One of the most interesting examples of intellectual parochialism is the absence of the experience of India from the debates about the shape and political direction of the European Union. Geographically, India and Europe are subcontinental extensions of a single continent. They are roughly the same size, though India is both more populated and more diverse. The reason Europe dignifies itself as a separate continent has nothing to do with geography and everything to do with its erstwhile imperial dominance.
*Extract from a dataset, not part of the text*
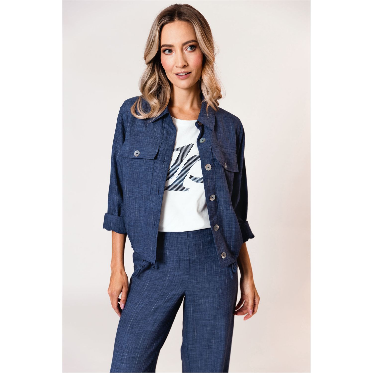 Dit blouse jasje is gemaakt van een gemêleerde blauwe stof die soepel valt. voorzien van overhemdkraag, klepzakken en parelmoerknopen. De blouse heeft een cropped lengte en kan worden aangesnoerd voor een bloezend effect.

India’s achievements and failures as a subcontinental democracy ought to interest the EU’s architects and ideologues as well as its critics. The controversy about the EU’s treatment of its poorer constituent elements like Greece, the often-resented dominance of Germany and France, the legitimacy and necessity of redistributing resources between the poorer and richer regions of a single monetary union would be richer if the experience of India, a country that incorporates radically unequal regions, was factored in. This is not to argue that India is an exemplary nation; merely to say that its experience and practice of managing difference — economic, cultural, religious, linguistic — in a pluralist way represents a living political experiment that every democrat and political thinker should refer to: as case study, inspiration or cautionary tale.
I was reminded of the significance of India’s secular and pluralist Constitution by a recent essay by a brilliant Naga academic, G. Kanato Chophy. At a time when the BJP’s explicitly majoritarian government is busy driving a coach-and-four through the rights guaranteed by the Constitution with the seeming deference of the country’s courts, it’s worth attending to a scholar who sees the republic from a vantage point very different from the heartland hubris of Narendra Modi and his disciples: “I belong to an emerging class of educated Nagas who consider themselves “constitutional Indians”; many of the young in my community, and perhaps the north-east more broadly, are culturally conservative, proud of their region’s distinctive history, tradition, language, and ethnic identity, but at the same time seeing and desiring common ground with fellow citizens in other regions of the country that have their own — sometimes almost incomprehensibly different — language, history, and culture. For a Naga, this common ground is the idea of a modern and secular India — as the truly Ambedkar-inspired Constitution defines it — not the largely elite and Brahmanical notion of a timeless Indian civilisation and tradition dating back thousands of years.”
The reason why the Indian Constitution strikes a Naga scholar from India’s borderlands as the one platform on which he can feel a sense of citizenship with other Indians is that this Constitution was shaped and framed by another scholar who wrote from the margins of Indian society, whose community had been at the receiving end of this “timeless civilisation” that now seeks to remake India in its own image, and who was, therefore, acutely aware of the need to establish citizenship on the ground of rights, not ‘culture’ or ‘civilisation’. Ambedkar’s Constitution is a living reminder that a political culture, unselfconscious about difference, that tries to co-opt people into majoritarian practice risks alienating them. This is as true of laïcité as it is of Hindutva.
“The umbilical cord connecting Nagas with mainland India... is not the cord of a shared ancient history, religion, or culture. The link is tenuous, and has to do with the ideas of equality, justice, and liberty enshrined in the Indian Constitution.” What’s true for Nagas is true in principle, or ought to be, for all Indians.